De probe smeltregio is de lagere temperatuur van de twee smeltregio's. De normalisatiebalken moeten zich aan de basis van de smeltpieken bevinden. Na normalisatie, selecteer groepen berekenen om monsters automatisch aan groepen toe te wijzen indien nodig, herverdeel monsters handmatig naar specifieke groepen.
Selecteer monsters die niet zijn geamplificeerd of die getande smeltpieken hebben. Ga vervolgens naar nieuwe oproep en selecteer negatief. Na het selecteren van eventuele resterende verkeerd geclassificeerde monsters, ga naar nieuwe oproep, selecteer de juiste groepering en klik op wijziging toepassen. Wijs genotypen toe voor elke groep op basis van de standaarden.
Nadat u hebt bevestigd dat de berekende groepen correct zijn, selecteert u groepsnamen bewerken onder de groeperingstab. Voer de genotypen van de standaarden in in de overeenkomstige gekleurde vakjes. Bijvoorbeeld, als standaard 3D zeven een bekend C-genotype heeft en zich in groep een bevindt, dan hebben alle monsters in groep een genotype C. Druk op resultaten en genotypen worden naast monsters weergegeven.
Exporteer ten slotte de resultaten als een TXT-bestand voor verdere populatieanalyse van monsters. Nadat de run is voltooid op de light cycler 2.0, noteer de monsters namen en posities onder monstersgegevens. Voordat u met de analyse begint, labelt u de negatieve controles en de genotypen van de smeltstandaarden. Begin de smeltanalyse
Dit protocol verbetert de gevoeligheid van high resolution melting (HRM) analyse voor het detecteren van mutante allelen bij lage concentraties. Door DNA-voorbereiding en assay-omstandigheden te optimaliseren, maakt het een betere detectie mogelijk van uitdagende SNP-mutaties.

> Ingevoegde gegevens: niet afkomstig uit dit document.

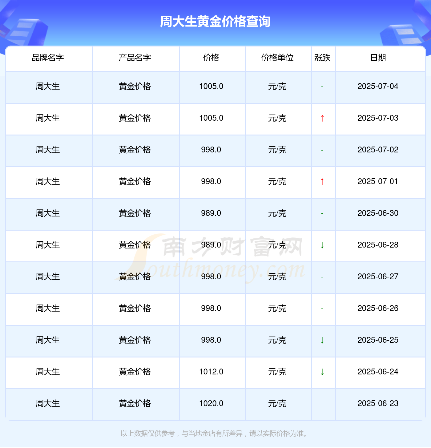 1005.0元/克的价格,是周大生今日 黄金价格的最新行情。
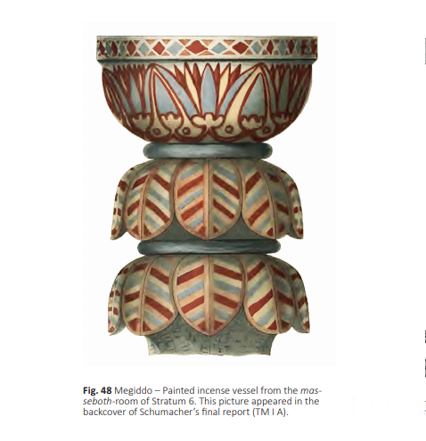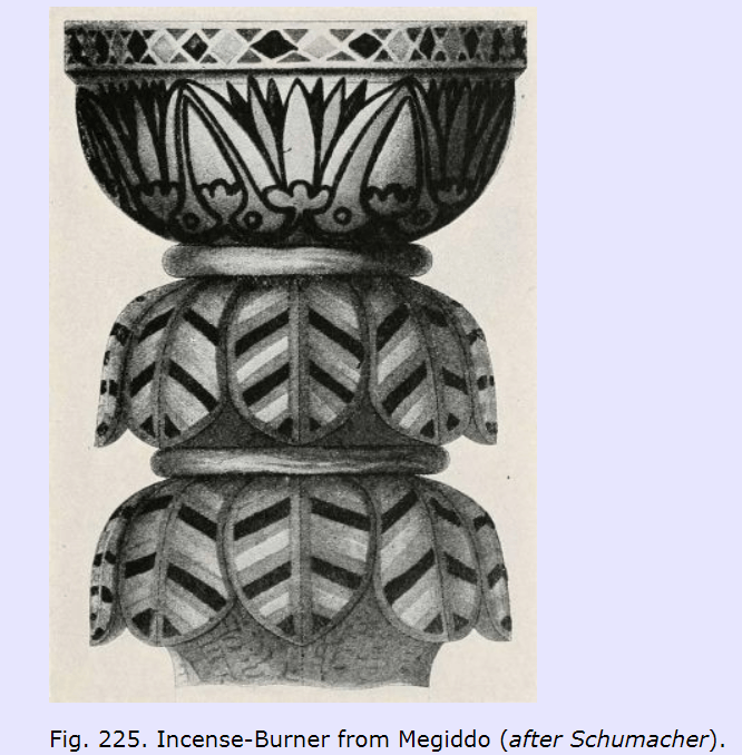 כלי פולחני (כן פולחני) ובו המוטיב של “כפתור ופרח”. מתוך פרסום חפירות מגידו (שומאכר 1903). המקור אבד. תקופת הברזל 2
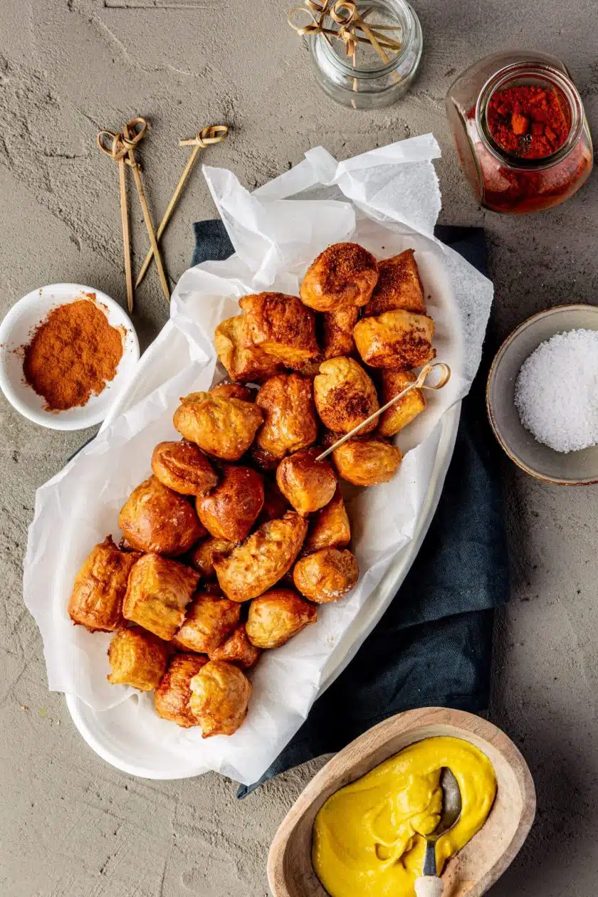 Soms zijn die heerlijke pretzels wat groot als snack en zouden kleine bites ideaal zijn. U vraagt, wij draaien: mini pretzels! Met drie heerlijke verschillende toppings, voor ieder wat wils. Een zoete met kaneel, de klassieke zoute variant en voor de spicy liefhebben een met cayennepeper!
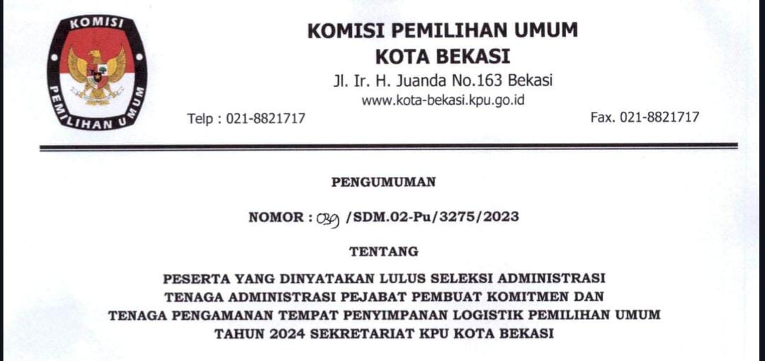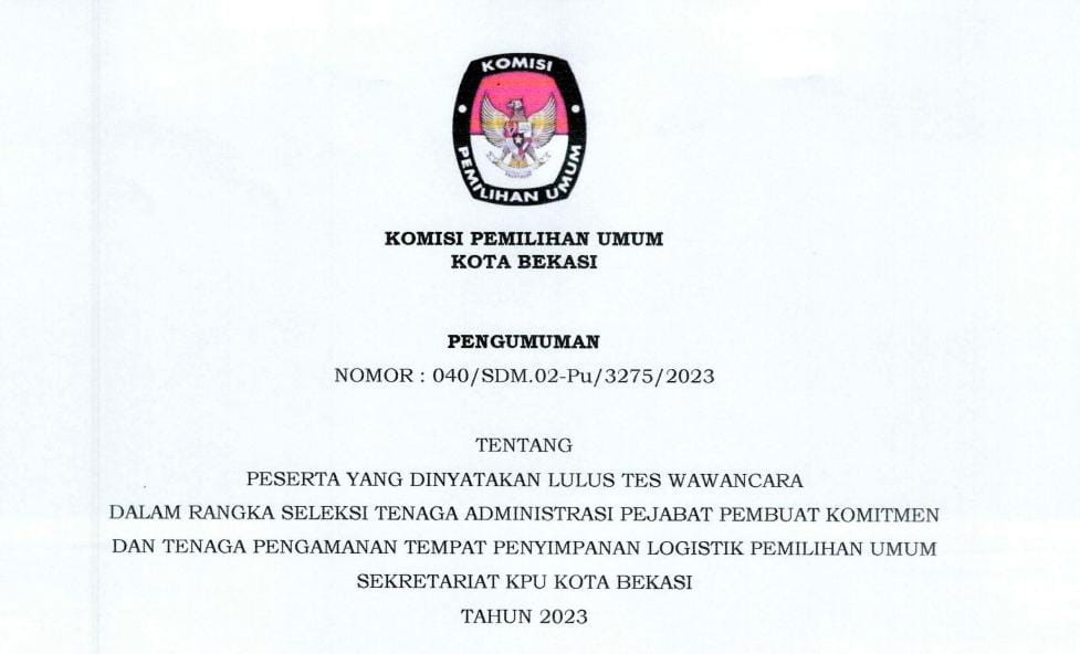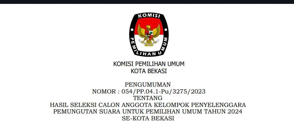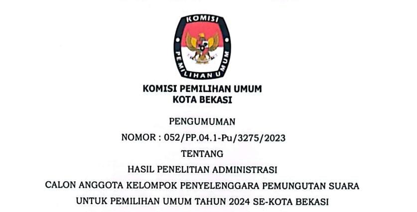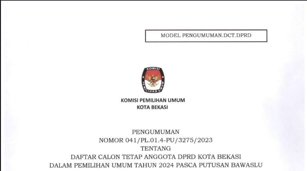 Bahwa untuk melaksanakan ketentuan Pasal 85 Peraturan KPU Nomor 10 Tahun 2023 tentang Pencalonan Anggota Dewan Perwakilan Rakyat, Dewan Perwakilan Rakyat Daerah Provinsi, dan Dewan Perwakilan Rakyat Daerah Kabupaten/Kota, KPU Kota Bekasi mengumumkan Daftar Calon Tetap (DCT) Anggota DPRD Kota Bekasi dan persentase keterwakilan perempuan dalam Daftar Calon Tetap (DCT) sebagaimana terlampir.
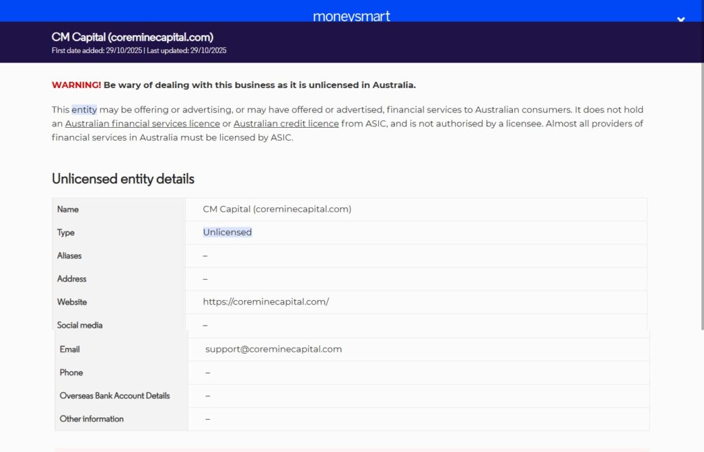 Q: Is CoreMineCapital a licensed or regulated broker?
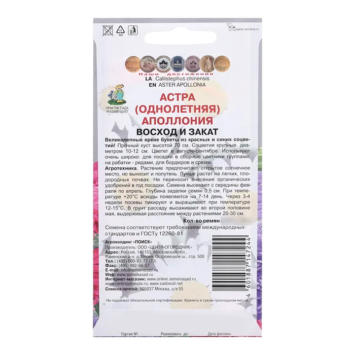 Семена цветов Астра Аполлония "Восход и закат", 0,3гр — Характеристики
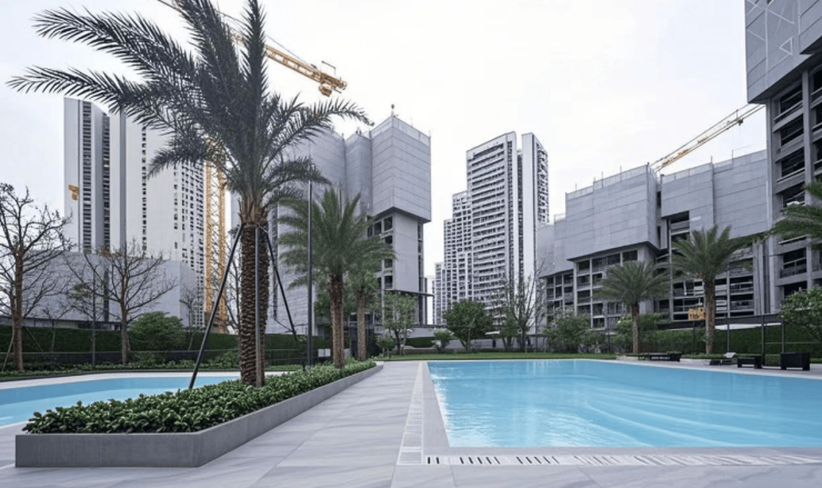 社区内规划约 400㎡双泳池系统,成人池与儿童池分区设计,搭配热带风情植,营造 “家门口的度假胜地”。
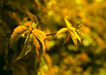 Autumn branch close up lit rays evening sun
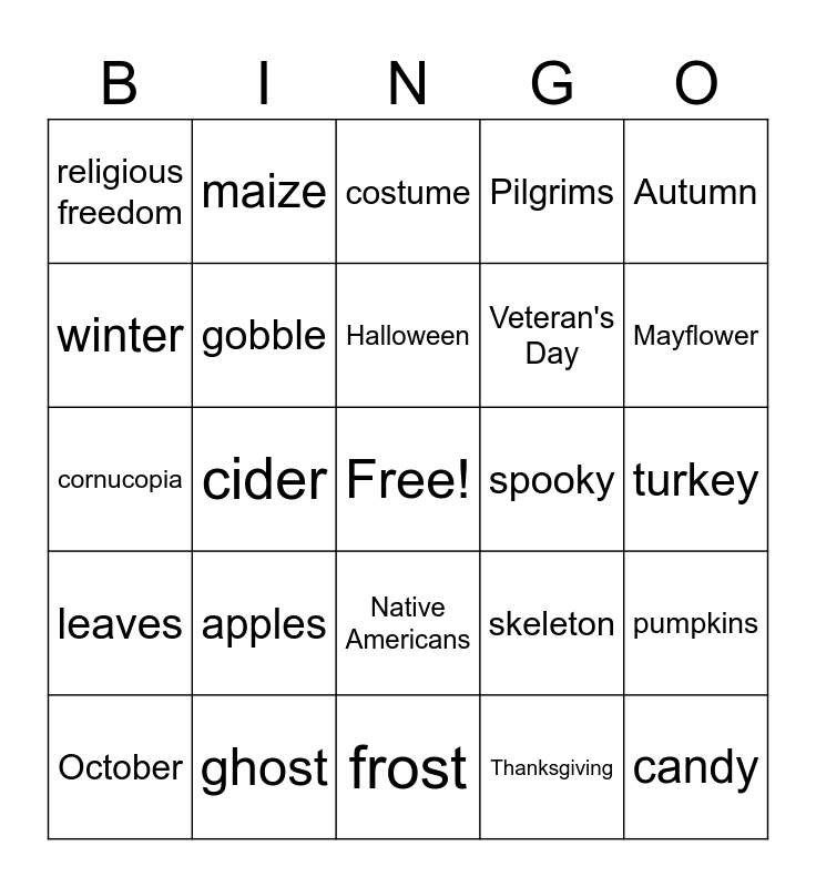 This bingo card has a free space and 29 words: October, November, cider, orange and black, religious freedom, costume, gobble, apples, spooky, ghost, turkey, candy, frost, Thanksgiving, Mayflower, trick or treat, Native Americans, leaves, Autumn, cornucopia, skeleton, bonfires, Veteran's Day, winter, Pilgrims, maize, pumpkins, Halloween and jack-o-lantern.
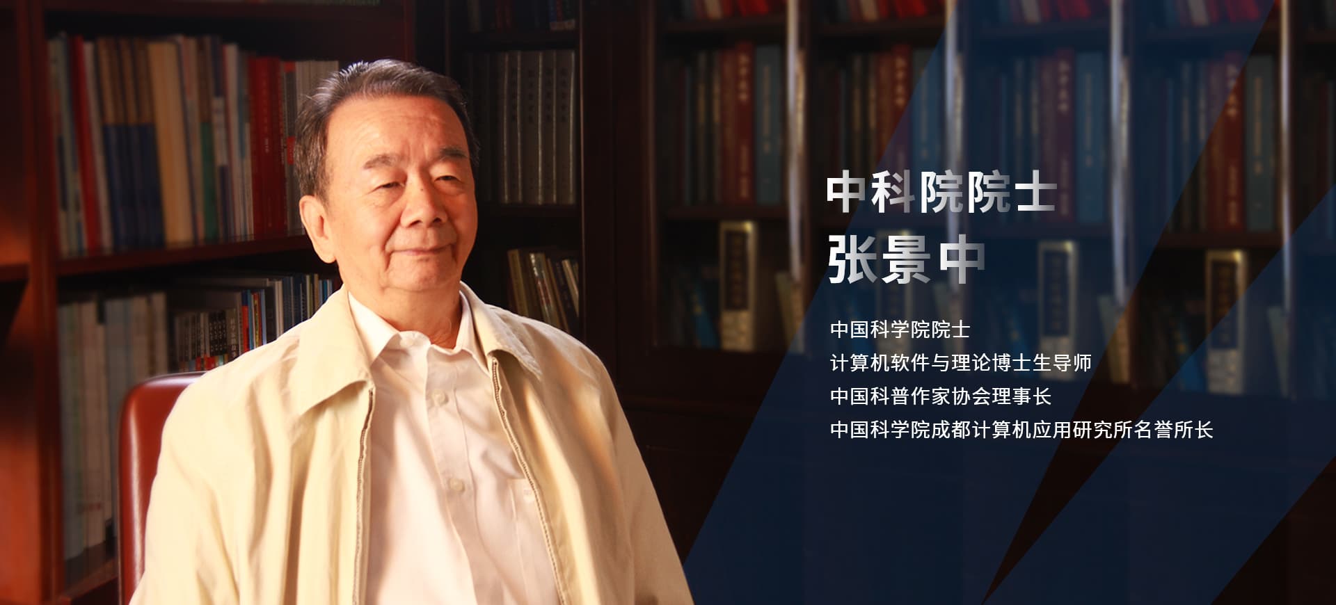 張景中,中國科學院院士,1959年畢業于北京大學數學力學系。從事計算機科學、數學和數學教育研究。《計算機應用》期刊主編。在機器證明、教育數學、距離幾何及動力系統等領域有貢獻。其成果1982年獲國家發明獎二等獎,1995年獲中科院自然科學獎一等獎和中國圖書獎,1997年獲國家自然科學獎二等獎,2003年獲全國科普創作獎一等獎、五個一工程獎和國家圖書獎,2005年和2009年兩次獲國家科技進步獎二等獎。他提出了三角、幾何、代數相互滲透的初等數學教學體系;提出了非ε語言的極限概念表述和實數理論的連續歸納法;發現了不用極限或無窮小建立微積分的基本理論和方法。
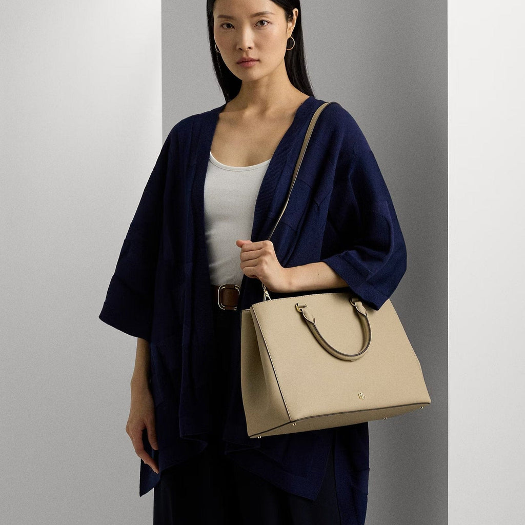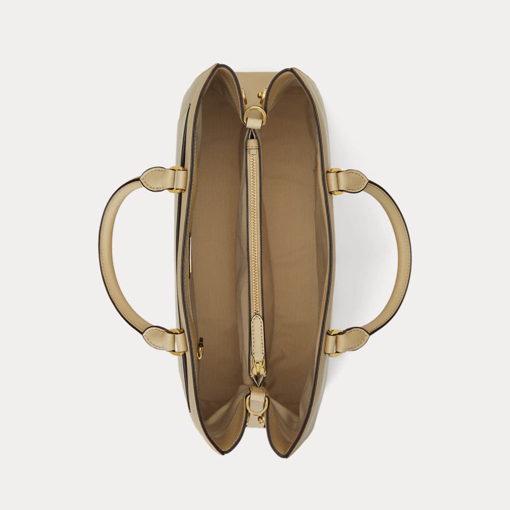 Lauren Ralph Lauren Crosshatch Leather Large Hanna Satchel In Birch Tan
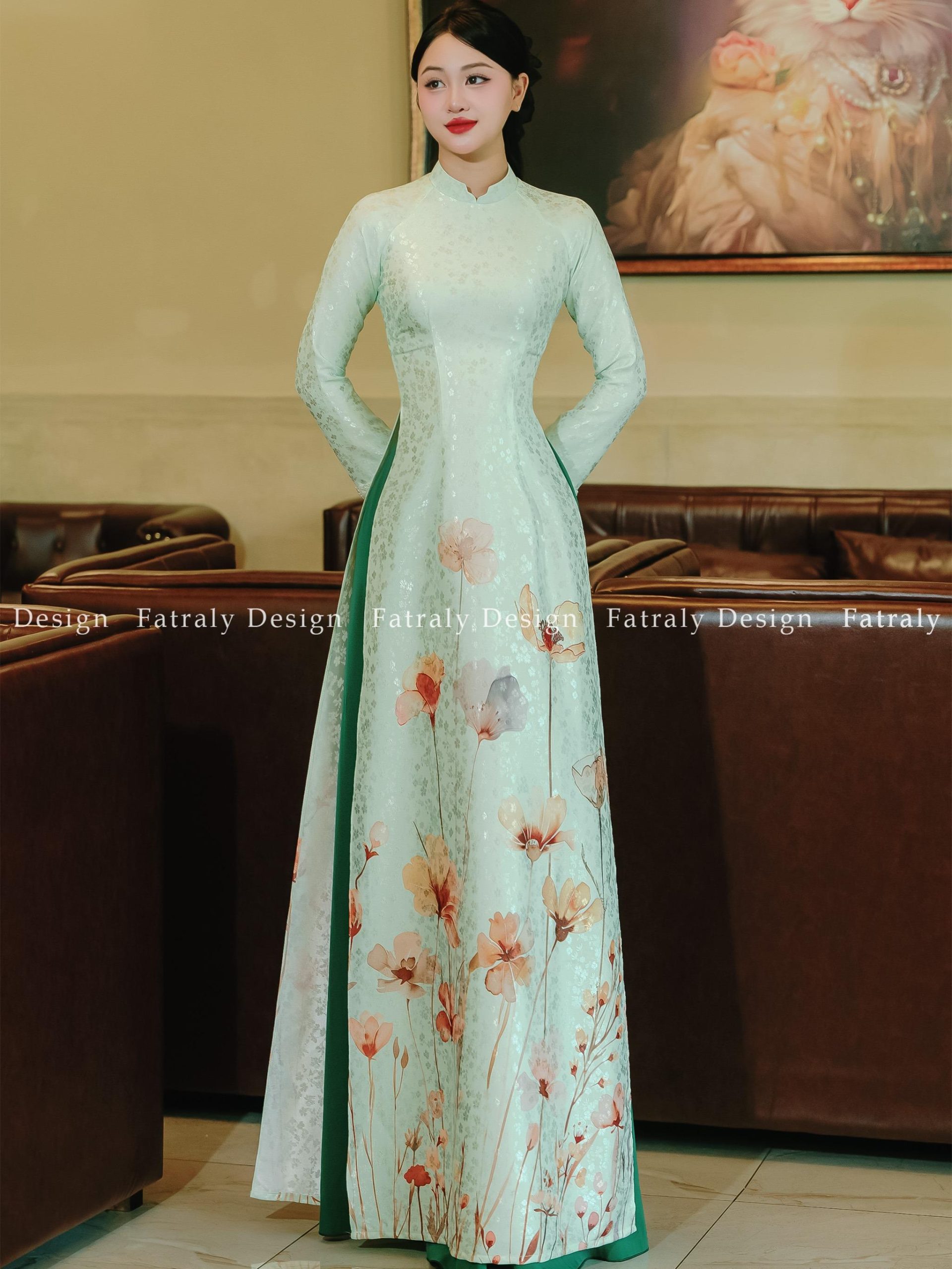 - Thiết Kế Nữ Tính: Áo dài tơ tằm vân gấm màu xanh mang đến vẻ nữ tính và dịu dàng. Màu sắc tươi sáng giúp bạn nổi bật và thu hút sự chú ý.

Enhanced sensitivity in SNP genotyping supports early detection of low-frequency drug-resistant malaria strains, a critical need for surveillance in elimination settings. The method enables reliable genotyping of polygenomic infections, improving the accuracy of resistance marker tracking and parasite population fingerprinting. This capability strengthens predictive confidence in resistance emergence and informs timely public health interventions.
The method fits within the discovery continuum from early SNP detection to lead optimization and preclinical validation, particularly for resistance mechanism studies.